I run optima red top they charge 3 times faster than any other battery out there. Only bad thing is they are $$$$$$$


----------



## MickiRig1 (Dec 5, 2003)

*Optima's* are nice but I don't think they hold up to the deep discharge / charge cycle we put them through. Vers the cost of them. The 4X4 magazines love them for way off the road use. Maybe they do have a point though. The few times they save your butt is worth the added cost and shorter life. Not many people comment on them here.


----------



## slclawn (Sep 6, 2006)

I have run the same two red tops for 5 years now with no problems yet but and have also taken one of them out and put it in the boat used with the trolling motor worked real well but that just my experience with them. wesport


----------



## tsmith (Sep 19, 2006)

At work we used to use Napa brand and now we use some from Northern Battery. I gave up on Auto Zone crap along time ago , I wouldn't use there stuff if they paid me, well maybe. Auto Zone stuff didn't last and they gave me hassels with warranties. Maybe they've changed. I am a mechanic at work and I see alot of junk ones from the zone and walmart. Though I have one from walmart in my plow truck now, but only because it was free. Maybe I'm just bitter at Auto Zone? I think I hold a record at one store for the farthest anyone has hurled a starter out into the parking lot.


----------



## Megunticook (Dec 1, 2006)

I just replaced a NAPA Nascar Select in my truck that gave me 7 years of totally trouble-free service.

I ended up buying an Interstate Mega-Tron Plus MTP-24F which was the top-rated battery for my truck's group size in the battery test results published in the October Consumer Reports. Cost a Franklin.

According to CS, the battery ratings don't necessarily match actual performance--check out their article for more details. They use a bunch of different test parameters to determine battery performance.

Interestingly, according to CS vitually all vehicle batteries are made by one of 3 manufacturers--Exide was one, I think Delco was another, maybe Interstate was the third (don't quote me on that).


----------



## Mark Oomkes (Dec 10, 2000)

Anybody ever use Odyssey?


----------



## mrbrickman (Nov 13, 2006)

i second the walmart idea, all for screwing the big crap hole...

after about 2 years whne they start going i drain the acid and fill them with water...

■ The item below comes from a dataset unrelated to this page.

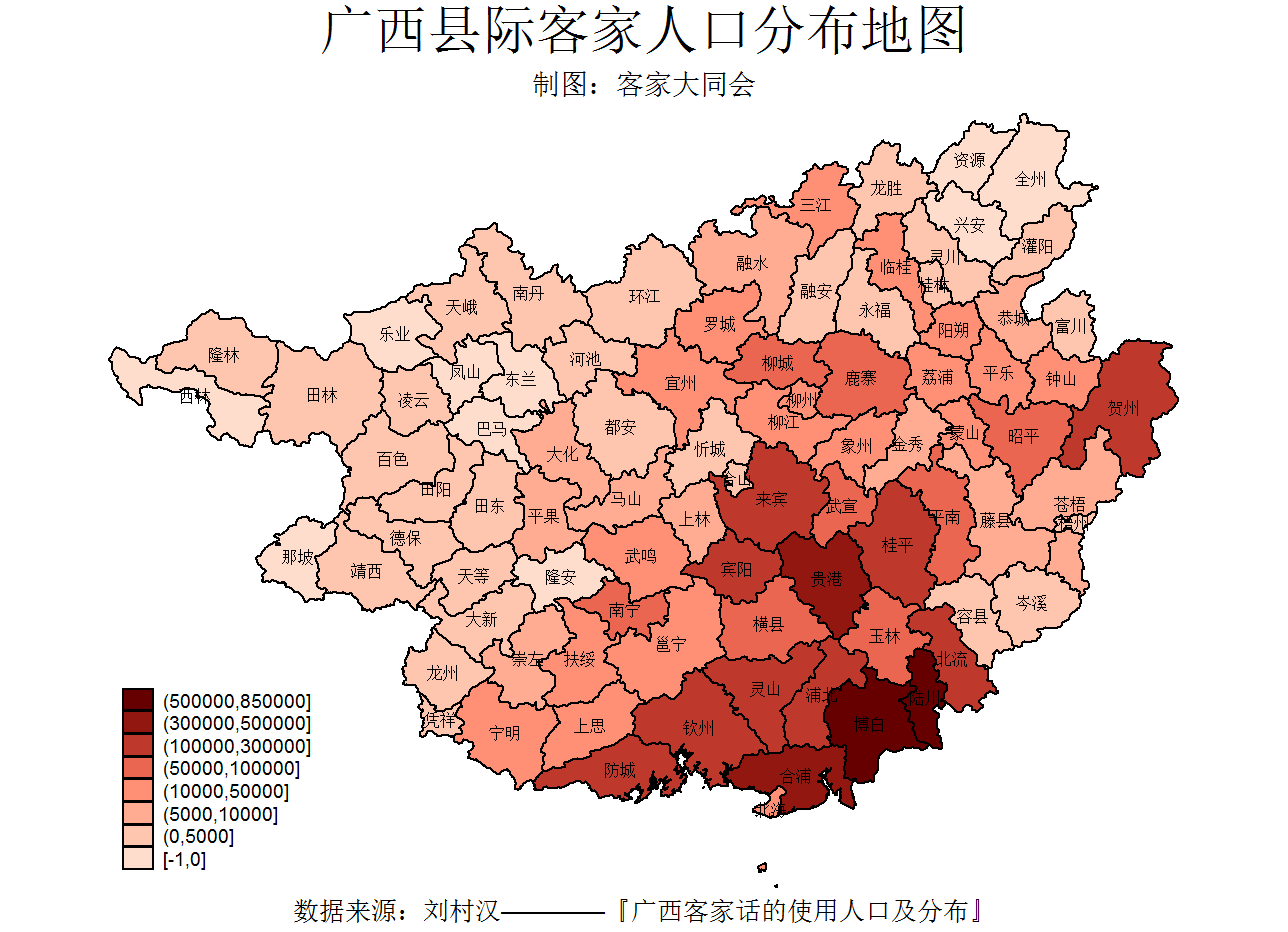 Hakka Population in county level of Guangxi
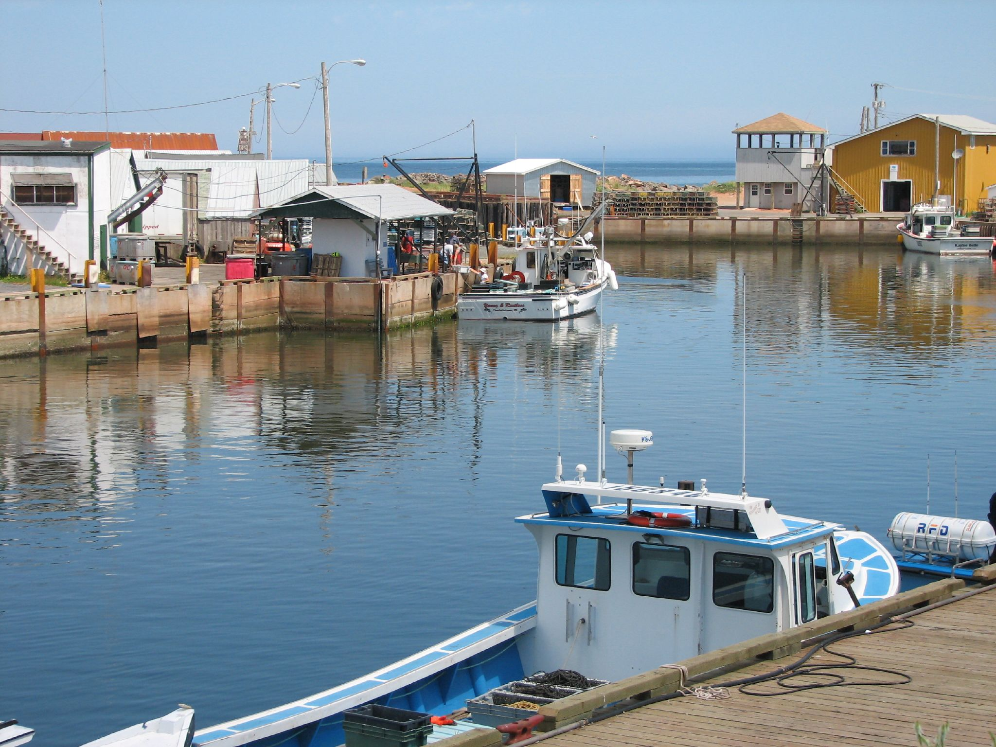 North Lake harbour in eastern Prince Edward Island looking north onto the Gulf of St. Lawrence.

they need to test them at customer service to determine if its ok to return, so its gotta be a dead or crappy battery.....

just sucks cause you need to hold onto the reciept for a long while


----------



## Oshkosh (Sep 11, 2005)

*If you can find them I've...*

In the past I had really good luck with DEKA batteries(Manu in PA).I had them in my big stuff and my Honda accord and never had a problem.


----------



## tsmith (Sep 19, 2006)

I would have to second Oshkosh on the Deka battieries, we used them at the construction company I used to work at, good stuff. Can't get um up here in my neck of the woods though.


----------



## mrbrickman (Nov 13, 2006)

tsmith quote:

"Maybe I'm just bitter at Auto Zone? I think I hold a record at one store for the farthest anyone has hurled a starter out into the parking lot."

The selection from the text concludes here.